Venezuela, China and Russia — Oh My

Rick Manning

The world is a complicated place.

Most people don’t associate the devastation of the Venezuela by communist leader Nicolas Maduro with China, yet Venezuelan oil lies at the heart of China’s interests and as a result, they have been propping up the murderous South American leader.

Shockingly, Venezuela has the largest known reserves of oil in the world, and in 1950 had the fourth largest Gross Domestic Product in the world and second highest GDP per capita. Venezuela’s economy was six times the size of China, and as late as 1982, they were still the largest GDP in South America. However, by 2017 Venezuela’s per capita GDP had shrunk back to levels last seen at the turn of the century, and they continue to shrink in spite of its impressive oil reserves.

In a couple of decades, the country has receded from relative affluence to scenes of desperate people eating their pets to stay alive, as Maduro’s repressive communist regime continues to destroy all capital investment in the country. With their eye on both Venezuela’s oil riches and the ability to project short-and medium range missile threats to the United States from the Caribbean country, China and Russia have been sending billions of dollars to prop up the Maduro madness.

Into this mix, earlier this year, the national legislature of Venezuela declared that Juan Guaidó was the legitimate President of Venezuela and that Maduro was a usurper and the country has had street protests supporting Guaidó. The United States has recognized Guaidó along with sixty other countries, while China and Russia recognize their puppet Maduro in the hopes of getting their hands on the Venezuelan oil reserves.

Now that President Trump has wisely imposed additional economic sanctions on Venezuela which pressures the Chinese and Russians to end their financing of the Maduro terror machine, the country hangs in the balance.  

While the sanctions impact the Venezuelan oil company, Petroleos de Venezuela, American companies which have been working in Venezuela since the 1920s developing the original fields, have a sanctions waiver in place until October.
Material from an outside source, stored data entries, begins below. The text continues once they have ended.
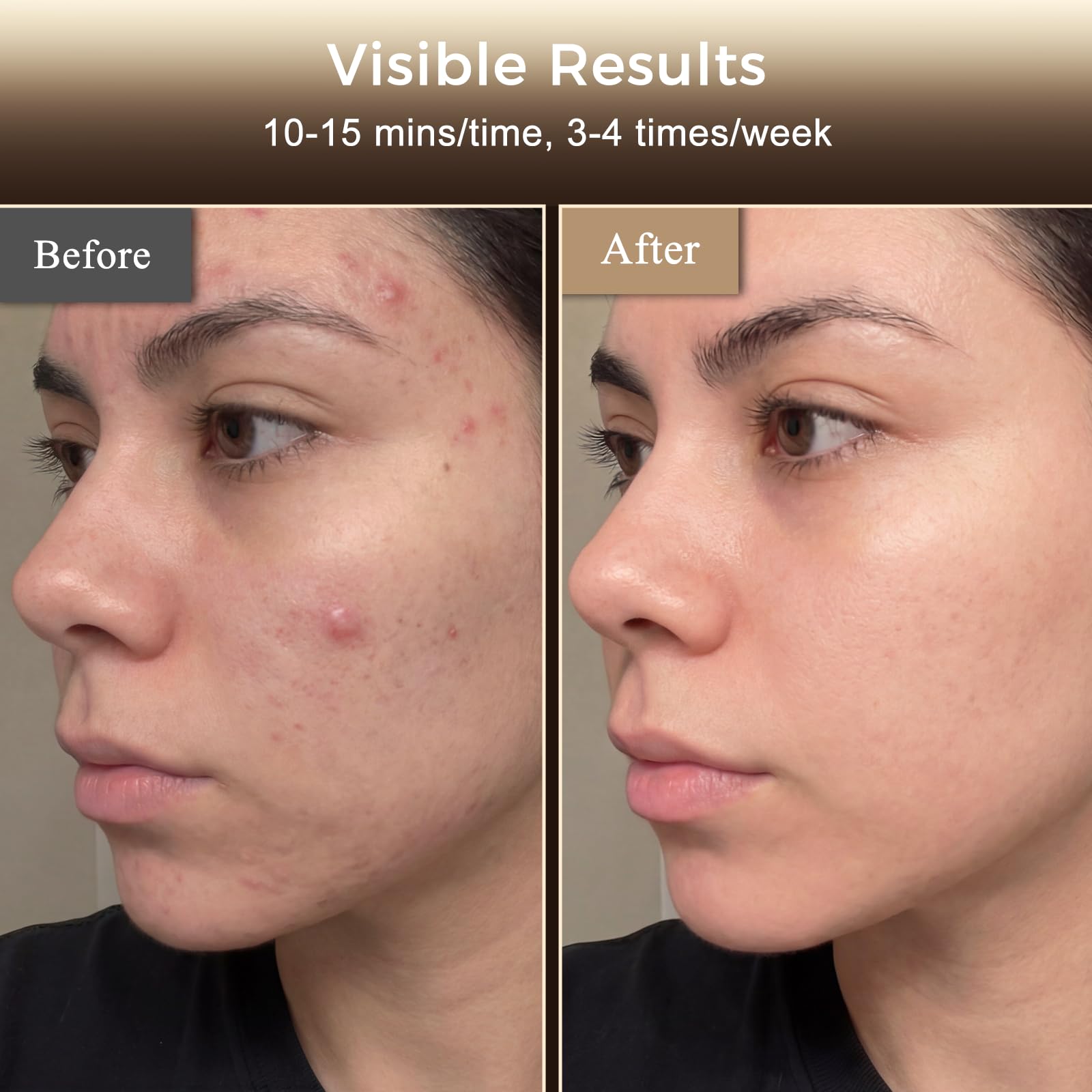 Clinically Proven Light Therapy: Red light therapy mask for face features medical-grade LEDs with 470nm, 630nm, 660nm, and 850nm wavelengths to smooth fine lines and boost collagen production. Red + Blue Light targets aging and acne, while Blue Light soothes irritation and prevents breakouts. Each 10-minute session delivers 70mW/cm²-100mW/cm² of energy, ensuring deep absorption for safe, effective, and long-lasting skin rejuvenation.
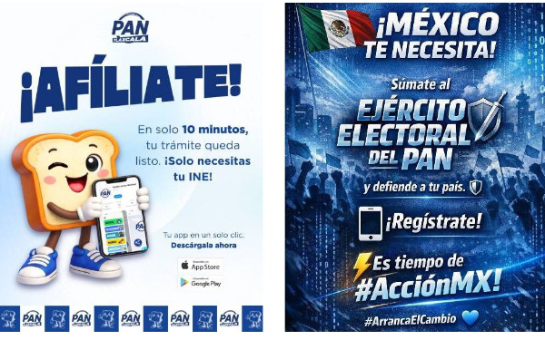 Con mensajes como “México te necesita” y “Afíliate”, el partido hace un llamado directo a la ciudadanía para integrarse tanto a su “ejército electoral” como a sus filas formales. La iniciativa persigue dos objetivos centrales: capacitar y reclutar personas para la defensa del voto y la organización electoral, además de ampliar su base de militantes, detalló el dirigente estatal panista Ángelo Gutiérrez Hernández.
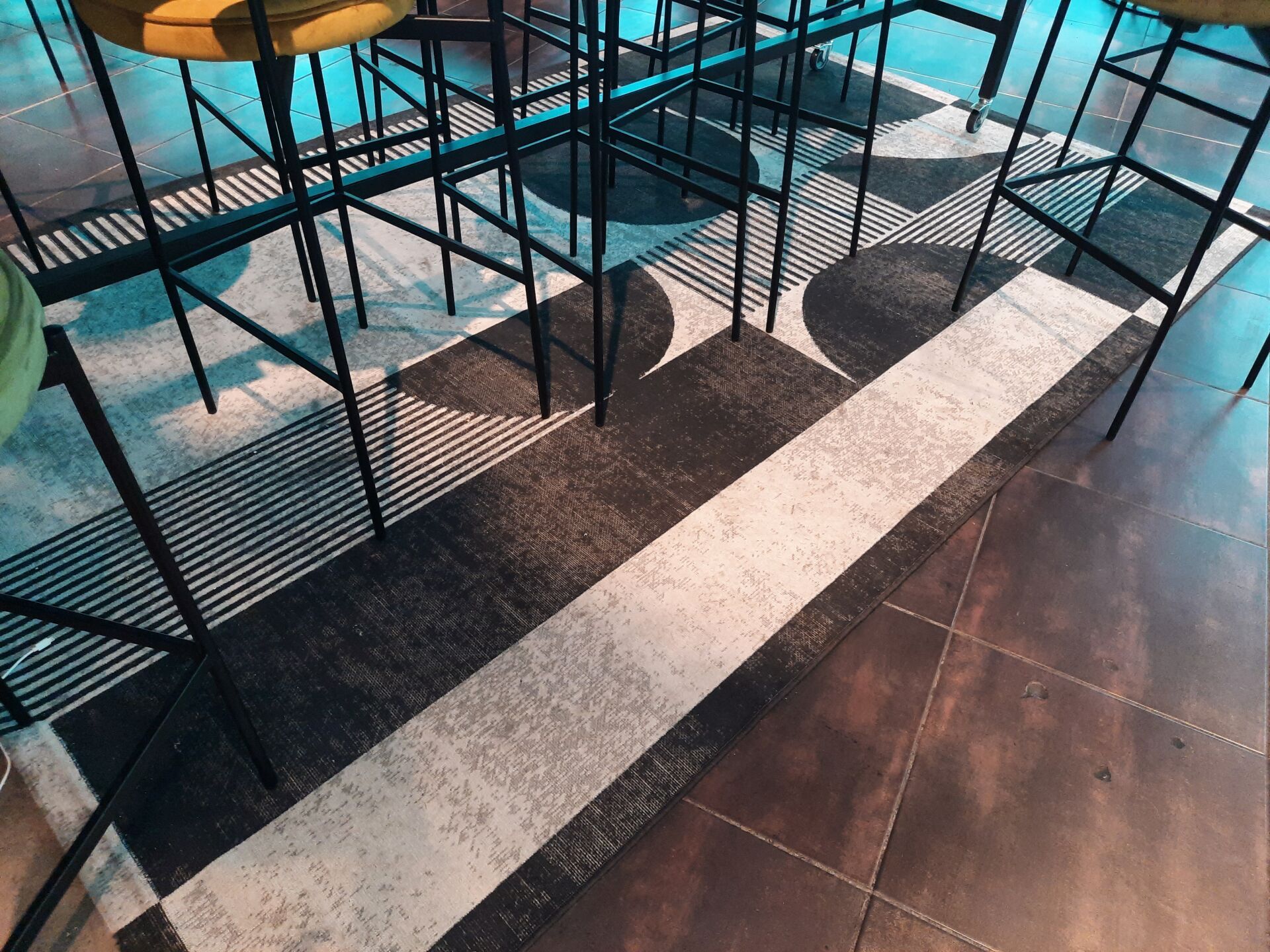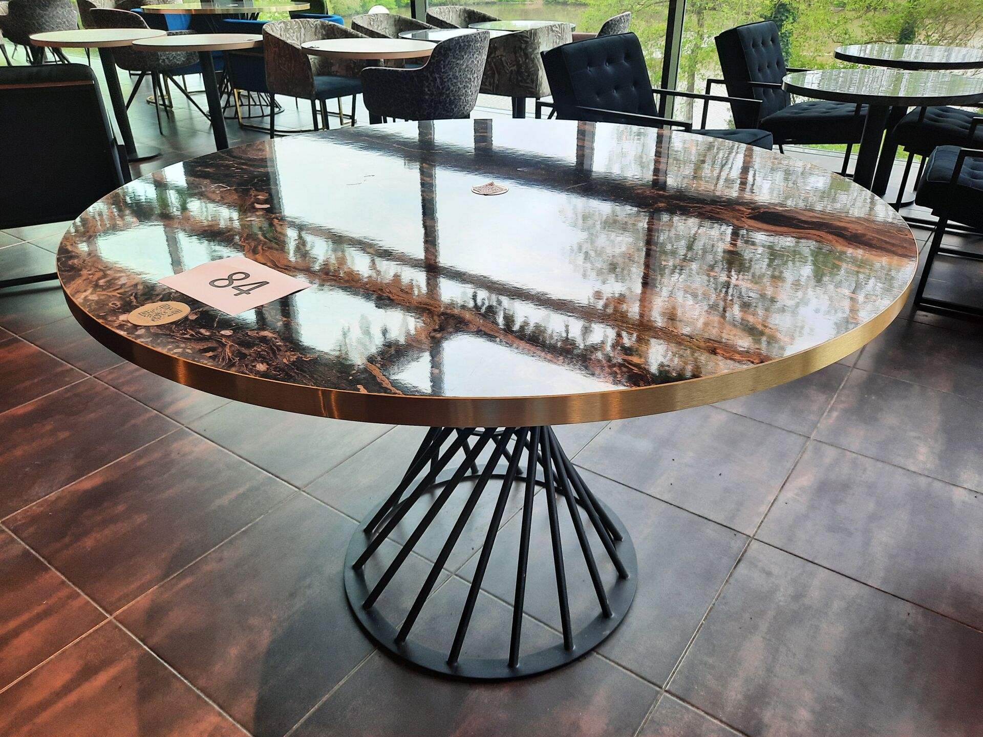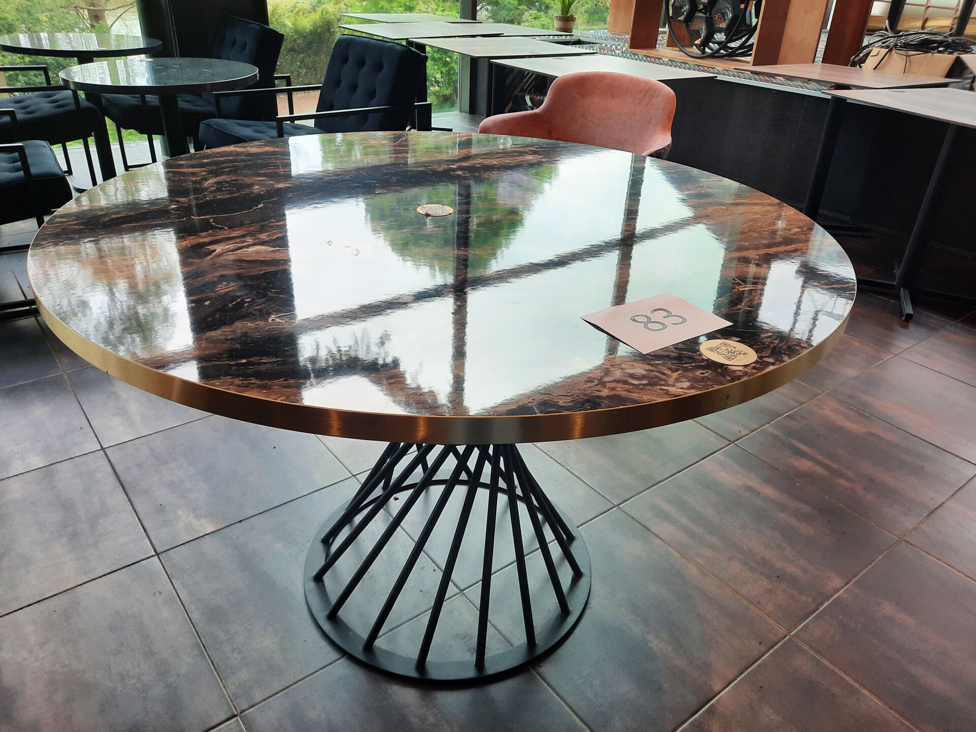6 tables rondes (70 cm), piètement en métal laqué noir, plateau mélaminé façon marbre, gris...

These U.S. based oil companies have used their expertise and capital to keep the flagging Venezuelan oil production alive and are essential to offsetting any move by Maduro to turn over his countries oil wealth to the Chinese in exchange for capital to keep his repressive regime in power.
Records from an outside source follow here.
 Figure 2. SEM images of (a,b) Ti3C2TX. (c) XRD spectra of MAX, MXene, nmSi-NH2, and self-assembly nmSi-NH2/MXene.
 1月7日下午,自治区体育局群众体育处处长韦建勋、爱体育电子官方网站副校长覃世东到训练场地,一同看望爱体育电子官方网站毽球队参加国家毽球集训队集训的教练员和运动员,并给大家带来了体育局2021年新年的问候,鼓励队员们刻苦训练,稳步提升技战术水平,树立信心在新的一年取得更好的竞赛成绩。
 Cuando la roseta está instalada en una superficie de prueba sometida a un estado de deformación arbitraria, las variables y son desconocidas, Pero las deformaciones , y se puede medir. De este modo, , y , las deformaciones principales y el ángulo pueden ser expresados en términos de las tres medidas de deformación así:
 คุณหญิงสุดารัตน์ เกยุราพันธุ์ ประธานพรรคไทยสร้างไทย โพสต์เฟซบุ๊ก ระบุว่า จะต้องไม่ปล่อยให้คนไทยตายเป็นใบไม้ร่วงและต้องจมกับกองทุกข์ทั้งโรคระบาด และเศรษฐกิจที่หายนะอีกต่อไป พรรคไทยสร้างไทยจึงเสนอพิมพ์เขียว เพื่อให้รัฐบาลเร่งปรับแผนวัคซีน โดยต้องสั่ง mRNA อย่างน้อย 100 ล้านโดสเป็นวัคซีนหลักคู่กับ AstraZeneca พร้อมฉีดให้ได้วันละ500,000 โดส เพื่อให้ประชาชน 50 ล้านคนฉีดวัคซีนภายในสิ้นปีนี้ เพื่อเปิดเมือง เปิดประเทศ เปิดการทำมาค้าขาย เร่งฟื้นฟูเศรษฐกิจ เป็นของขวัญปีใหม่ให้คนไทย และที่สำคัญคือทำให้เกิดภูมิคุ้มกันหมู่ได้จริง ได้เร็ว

And while the temptation might exist in some quarters to let these waivers for U.S. oil interests to expire, the net effect would be to hand over a turnkey oil operation to the Chinese which would cement Maduro’s hold on power. This is why the United States should indefinitely extend these waivers so that there is certainty in this unstable region, allowing the hoped for Guaidó government to hit the ground running when they gain control over the levers of power without having to uproot entrenched Chinese interests.

The world is a complicated place, but one lesson that America does not need to have to re-learn is that cutting off our own noses to spite our face is never a good policy. Keeping China and Russia from having a strategic and economic foothold in what is the most oil rich nation in the world which lies less than 3,000 miles from our Gulf Coast is what ultimately matters for our national and economic security, and extending the waivers for U.S. oil companies to operate in Venezuela serves that greater interest. President Trump has wisely issued the waivers, and now he should create regional certainty in this one area by extending them indefinitely.

Rick Manning is president of Americans for Limited Government.